The Urban Areas Working Group within the EMRAS-2 ($\underline{E}$nvironmental $\underline{M}$odelling for $\underline{RA}$diation $\underline{S}$afety, Phase 2), which has been supported by the IAEA (International Atomic Energy Agency), has designed some types of accidental scenarios to test and improve the capabilities of models used for evaluation of radioactive contamination in urban areas. For the comparison of the results predicted from the different models, the absorbed doses in air were analyzed as a function of time following the accident with consideration of countermeasures to be taken. Two kinds of considerations were performed to find the dependency of the predicted results. One is the 'accidental season', i.e. summer and winter, in which an event of radioactive contamination takes place in a specified urban area. Likewise, the 'rainfall intensity' on the day of an event was also considered with the option of 1) no rain, 2) light rain, and 3) heavy rain. The results predicted using a domestic model of METRO-K have been submitted to the Urban Areas Working Group for the intercomparison with those of other models.

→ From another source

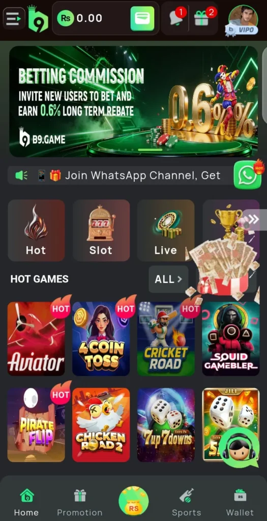 In my opinion, B9 App provides an engaging gaming experience with a simple layout. The dashboard is easy to understand, and new users can navigate through games without much confusion. The performance of the app is generally smooth on most Android devices.

In this study, as a part of these results using METRO-K, the countermeasures effectiveness in terms of dose reduction was analyzed and presented for the ground floor of a 24-story business building in a specified urban area. As a result, it was found that the countermeasures effectiveness is distinctly dependent on the rainfall intensity on the day of an event, and season when an event takes place. It is related to the different deposition amount of the radionuclides to the surfaces and different behavior on the surfaces following a deposition, and different effectiveness from countermeasures. In conclusion, a selection of appropriate countermeasures with consideration of various environmental conditions may be important to minimize and optimize the socio-economic costs as well as radiation-induced health detriments.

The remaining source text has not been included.